Using only the entries below, copy exactly the lines that begin at the one with "Chlophy White Blackout" and end at the one with "操场用了好多石头,很实在。", both included. Drop the pictures.

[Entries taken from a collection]
-*-*-
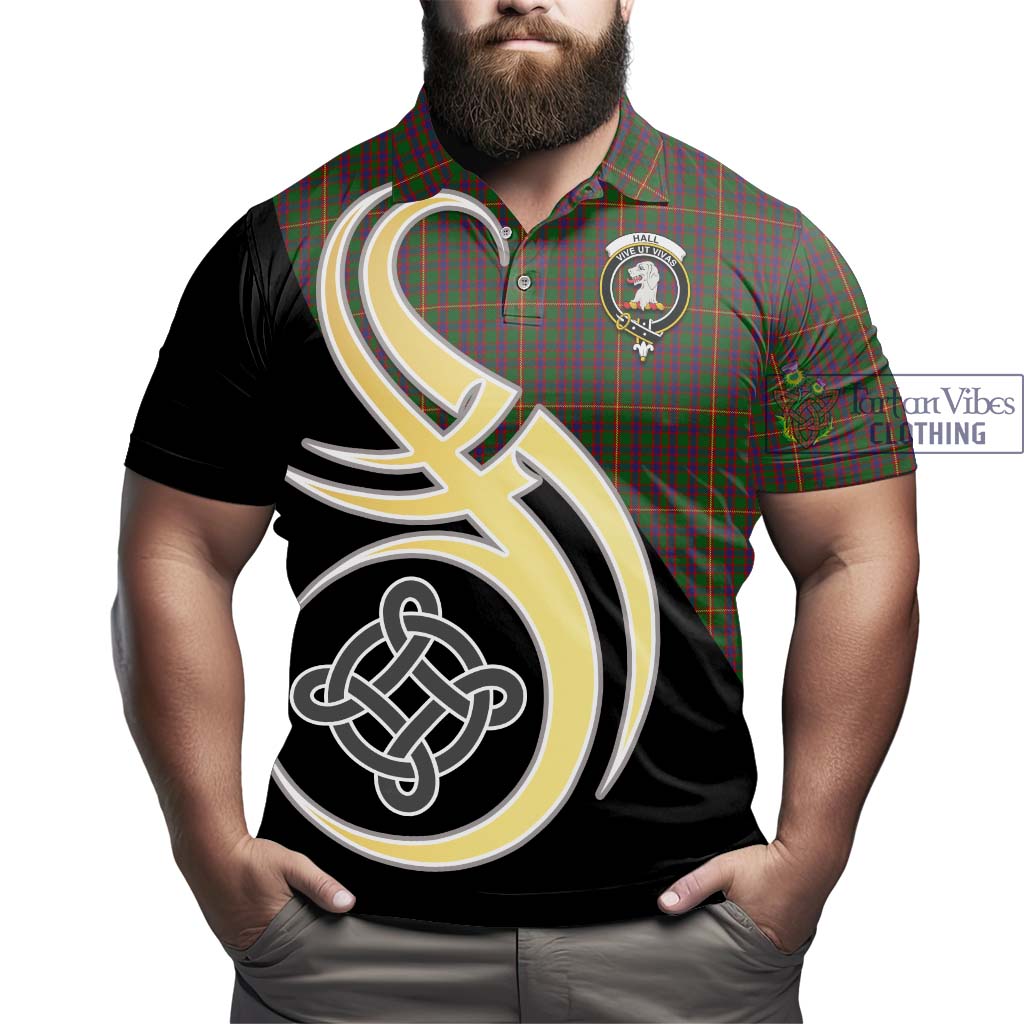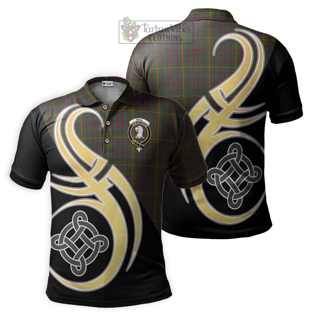 Hall Tartan Polo Shirt with Family Crest and Celtic Symbol Style
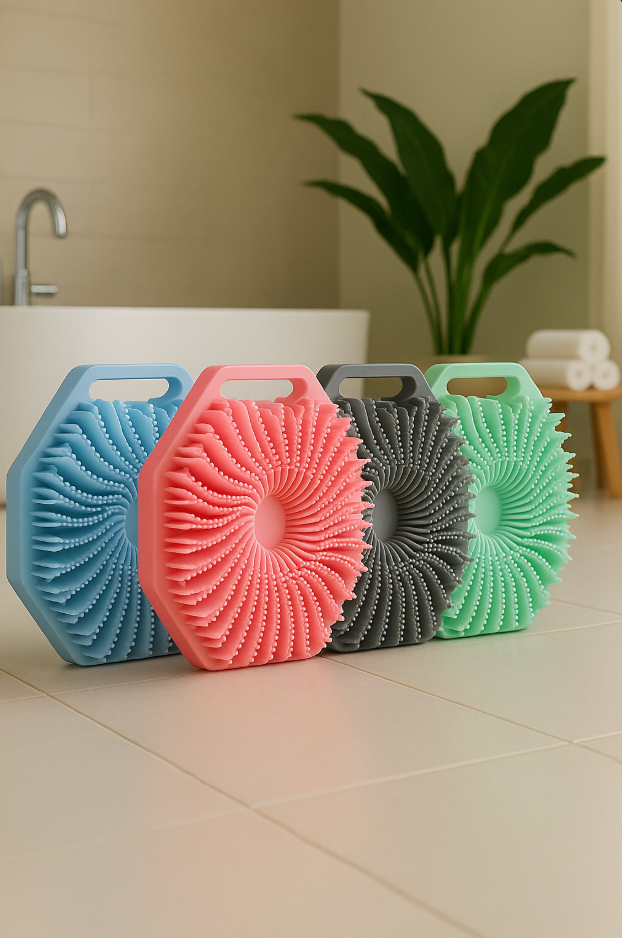 Im Vergleich zu herkömmlichen Duschschwämmen bleibt unser Silikon-Scrubber hygienisch sauber, trocknet schneller, hält länger und entfernt 100 % abgestorbene Hautzellen, während er deine Haut sanft massiert und spürbar glatter macht.
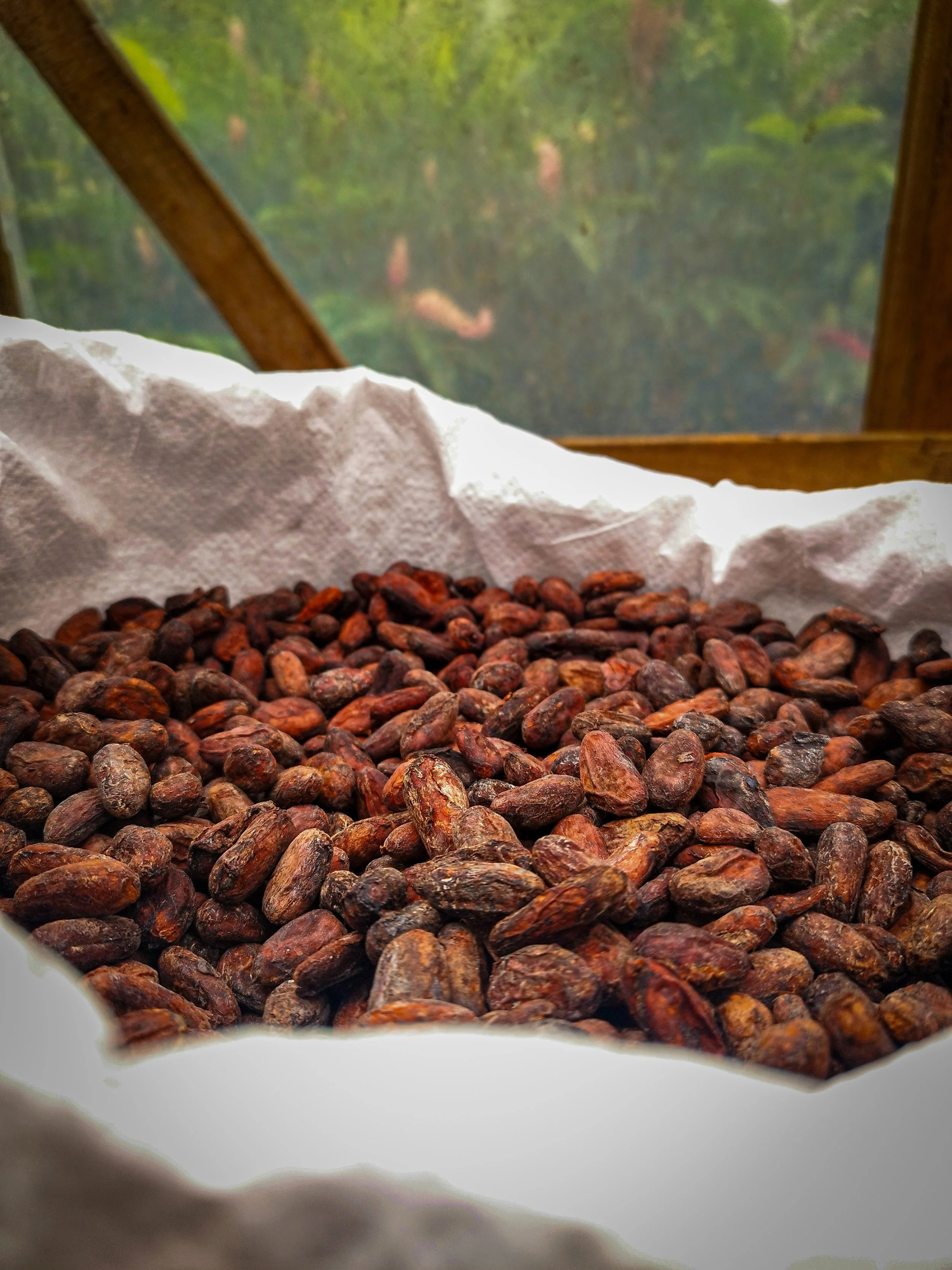 Nosotros hacemos un proceso "del árbol a la barra" y nuestro tueste es 100% artesanal en el cual tostamos las semillas de secas cacao al calor del fuego de leña un proceso que se ha realizado por generaciones en uestra familia y comunidad. Cada uno de nuestros productos tiene algo que contar de nuestra cultura.
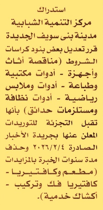 بأنها تقبل التجزئة للتوريدات المعلن عنها بجريدة الأخبار يوم 4/2/2026
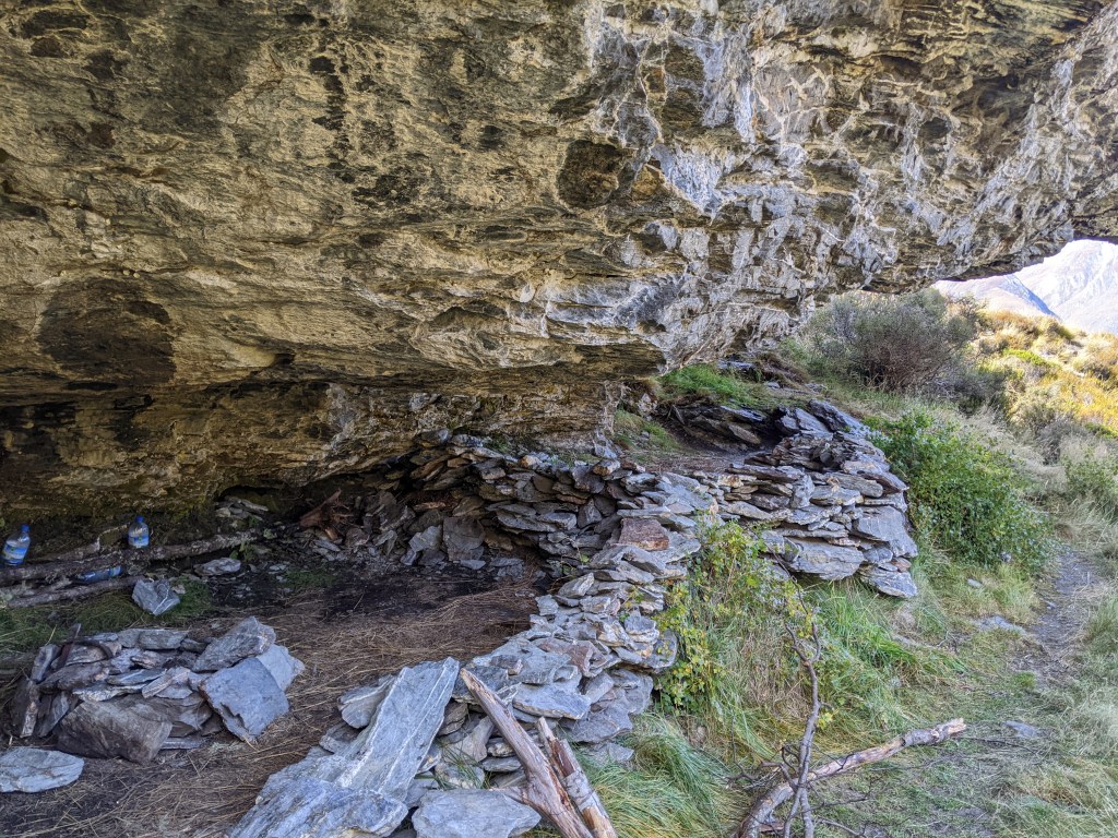 We got to the basin, where there’s a bivy under a rock overhang. We stopped for a long lunch break but decided not to spend the night.
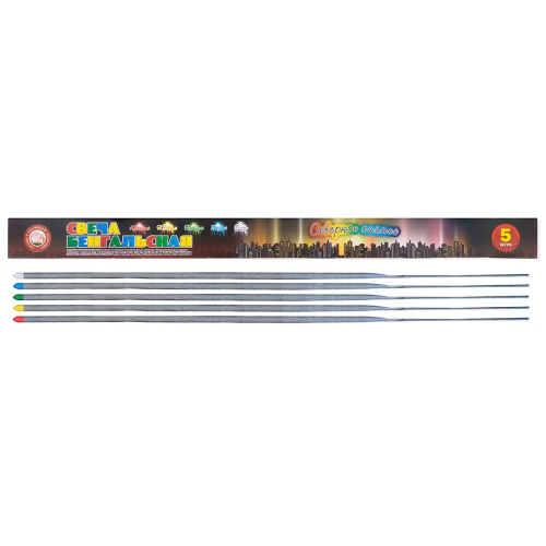 Искристые бенгальские огоньки – один из самых узнаваемых атрибутов праздника.Магия огня завораживающе преображает любое торжество, а ореол волшебных искорок наполняет праздничную атмосферу ожиданием чудес и весельем.Бенгальские свечи замечательно украсят Новый Год,а также любой другой праздник. Применение: Удерживайте изделие за свободную от пиротехнического состава часть в вытянутой руке или вертикально зафиксировав её в устойчивом основании. Не наклоняясь над ней подожгите верхний кончик. ОГНЕОПАСНО!Применять только на улице в безветренной атмосфере.Запрещено: использовать в состоянии опьянения, направлять свечу непосредственно на людей или предметы, радиус опасности не более 0,5м, производить с изделием любые действия, не предусмотренные настоящей инструкцией; использовать изделие с повреждениями или истекшим сроком годности, бросать в огонь. Хранить в сухом помещении, t° не выше +30С,вдали от приборов обогрева.
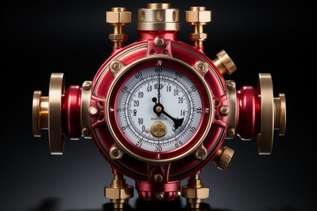 Striking close up of red industrial gauges and pipes in a modern factory showcasing clean design.
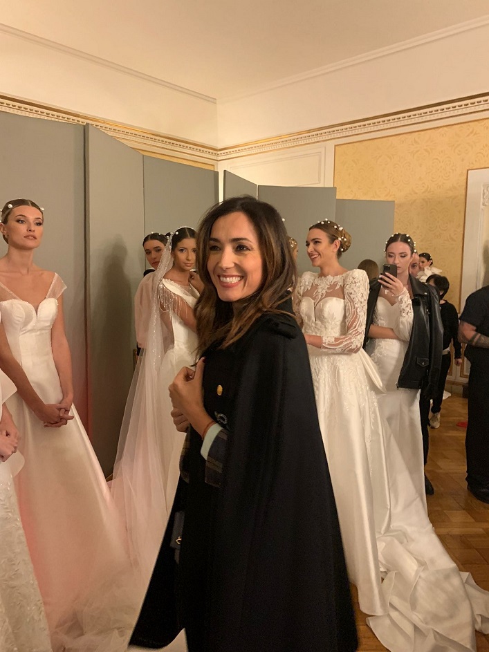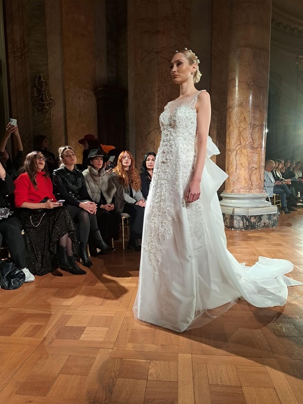 Oltre ai ricami, ai pizzi di chantilly francese, molti abiti sono decorati con intagli e trasparenze. Elena Parmegiani ha presentato l’evento.
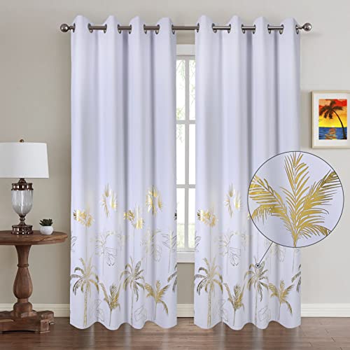Chlophy White Blackout Curtains Gold Foil Printed Palm Leaves Trees Luxury Bedroom Eyelet 66×90 Lined Thermal 100% Total Room Darkening Window Curtain Living Room 2 Panels Nursery Boys Girls
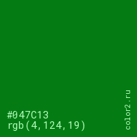 Цвет #047C13 в цветовой модели RGB обозначается тремя октетами (4, 124, 19) в десятичном формате и #047C13 в шестнадцатиричном (hex) формате, которые являются интенсивностью красного 4 (hex 04), интенсивность зелёного 124 (hex 7C) и интенсивность синего 19 (hex 13).
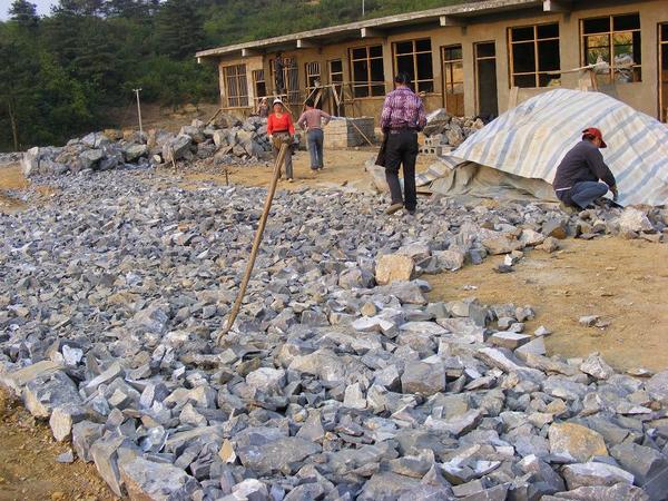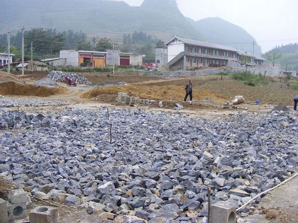 操场用了好多石头,很实在。
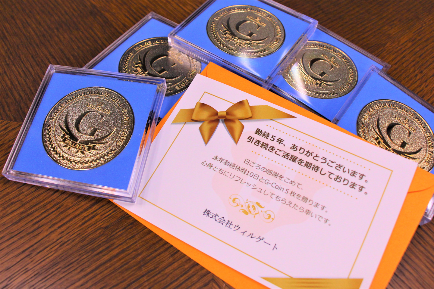 勤続10年以上の社員を対象とする企業も多いと思いますが、弊社では勤続3年、5年、10年(以降5年ごと)の社員が永年勤続表彰の対象です。副賞として勤続3年は5日間の永年勤続休暇、5年以上は10日間の永年勤続休暇と「G-Coin」(※)が付与されます。
-*-*-
## Result of the task
Chlophy White Blackout Curtains Gold Foil Printed Palm Leaves Trees Luxury Bedroom Eyelet 66×90 Lined Thermal 100% Total Room Darkening Window Curtain Living Room 2 Panels Nursery Boys Girls
 Цвет #047C13 в цветовой модели RGB обозначается тремя октетами (4, 124, 19) в десятичном формате и #047C13 в шестнадцатиричном (hex) формате, которые являются интенсивностью красного 4 (hex 04), интенсивность зелёного 124 (hex 7C) и интенсивность синего 19 (hex 13).
 操场用了好多石头,很实在。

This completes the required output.